The coated fibers were air dried in a fume hood for 5 minutes.
The dried fiber coated with the lauryl ferric sulfate is placed in a gas phase synthesis reaction chamber with 3, 4-ethylenedioxythiophene monomer for synthesis, the temperature (50 ℃) and the humidity (50%) are set in advance in the reaction chamber, and the reaction time is 60 min.
And taking out the synthesized product, and soaking the product in an ethanol solvent for 5 minutes to remove the unreacted alkyl ferric sulfate and 3, 4-ethylenedioxythiophene monomer.
And (3) drying the soaked product in an oven at 80 ℃ for 60min to obtain the final product.
The sample is tested by adopting a scanning electron microscope, an electron microscope, a conductivity testing instrument, Raman and the like. The conductivity of the sample was about 2.03X 103S/cm。
The present invention compares the conductivity, breaking strength and elongation properties of the untreated ultrahigh molecular weight polyethylene fiber and the high strength and high conductivity ultrahigh molecular weight polyethylene composite fiber of the present invention, and obtains the data shown in table 1.
TABLE 1 comparison of ultra-high molecular weight polyethylene fibers with composite fibers
To illustrate the effect of the various reaction conditions of the present application on product performance, the present application examined the effect of mass concentration of ferric dodecyl sulfate in a methanol solution of ferric dodecyl sulfate and reaction time on product in a gas phase synthesis reaction to obtain data as shown in tables 1-2.

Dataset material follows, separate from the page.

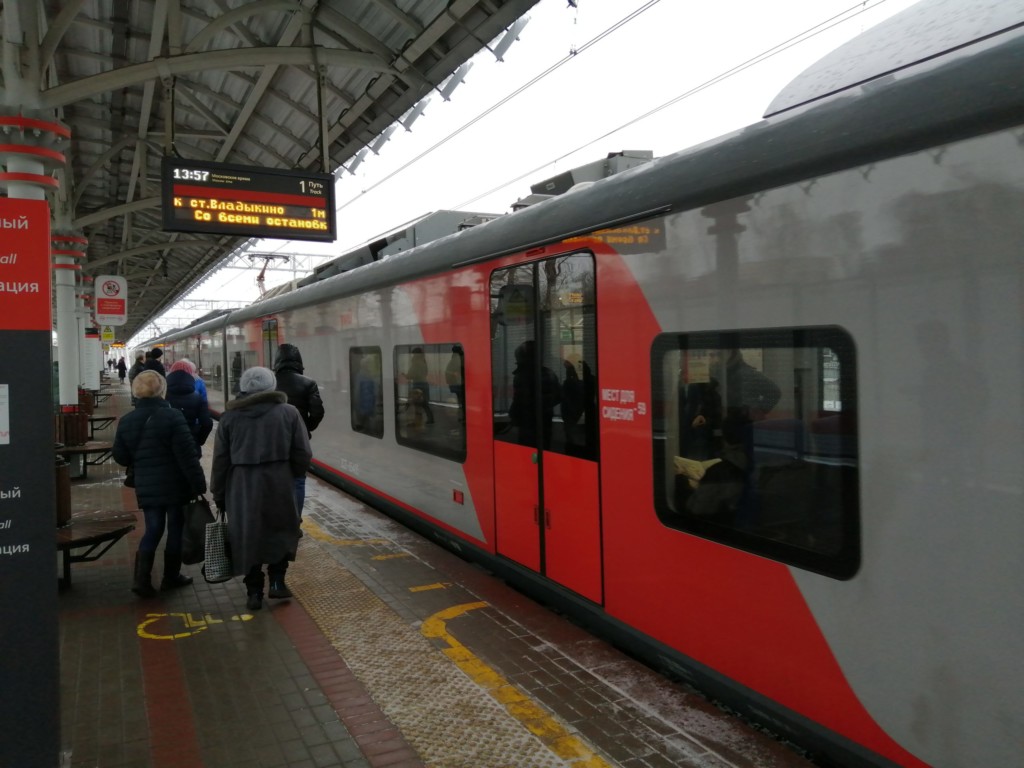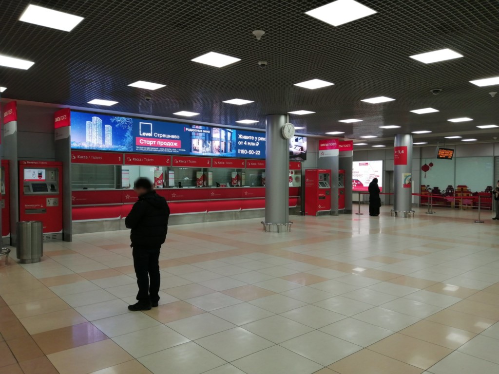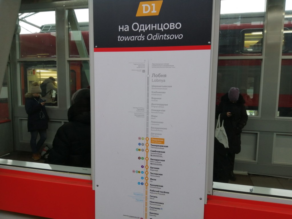 シェレメチェボ空港からは電車を使った場合は、最寄駅までは以下のルートになります。

TABLE 2 Effect of reaction time on conductivity and Strength (oxidant concentration 20 wt%)
| Reaction time/min | conductivity/(S.cm)-1) | Breaking strength/(cN/dTex) | Elongation/(%) |
| 30 | 3.12×103 | 31.10 | 2.38 |
| 60 | 2.03×103 | 30.98 | 2.41 |
| 90 | 1.58×103 | 30.88 | 2.52 |
| 120 | 1.32×103 | 30.62 | 2.72 |
TABLE 3 Effect of oxidant concentration on conductivity and Strength (reaction time 60min)

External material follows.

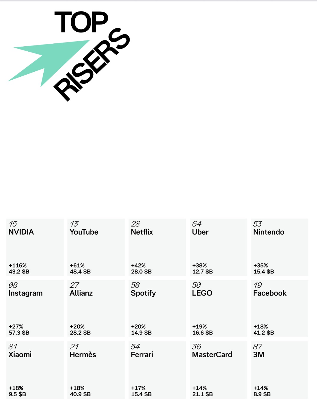 Бренд Instagram не только попал в первую десятку по стоимости, но и вошел в отдельный рейтинг — брендов, чья оценка выросла сильнее всего в относительном выражении. Если для Instagram этот рост составил 27%, то для самого подорожавшего за год бренда Nvidia — впечатляющие 116%. Что неудивительно, так как именно на чипах Nvidia будут работать ИИ-агенты, которые в будущем будут прислуживать сильным брендам и пинать ногами слабаков. Смело можно предположить, что бренд Nvidia, занимающий в общем рейтинге этого года 15-е место, в рейтингах будущих лет станет занимать более высокие позиции.

| Concentration of oxidant/(wt%) | conductivity/(S.cm)-1) | Breaking strength/(cN/dTex) | Elongation/(%) |
| 5 | Is not conductive | 30.96 | 2.27 |
| 20 | 2.03×103 | 30.98 | 2.41 |
| 30 | 1.29×103 | 30.76 | 2.48 |
| 50 | 0.93×103 | 30.38 | 2.53 |
Conductivity measurement method: the method comprises the following steps of adopting an ultra-high molecular weight polyethylene sheet as a substrate, synthesizing a poly (3, 4-ethylenedioxythiophene) film on the ultra-high molecular weight polyethylene sheet substrate under the condition of synthesizing conductive composite fibers, testing the resistance of the film by using a four-point probe method and testing the thickness of the film by using an ellipsometer, wherein the electric conductivity of the final film can be calculated by a formula (1):
wherein R issqThe surface resistance of the conductive film is expressed in Ω/sq, and t is the thickness of the conductive film (the thickness of the conductive film is 20nm to 1 μm). Therefore, the conductivity of the poly (3, 4-ethylenedioxythiophene) coating in the composite conductive fiber can be approximately equal to that of the film prepared under the same conditions.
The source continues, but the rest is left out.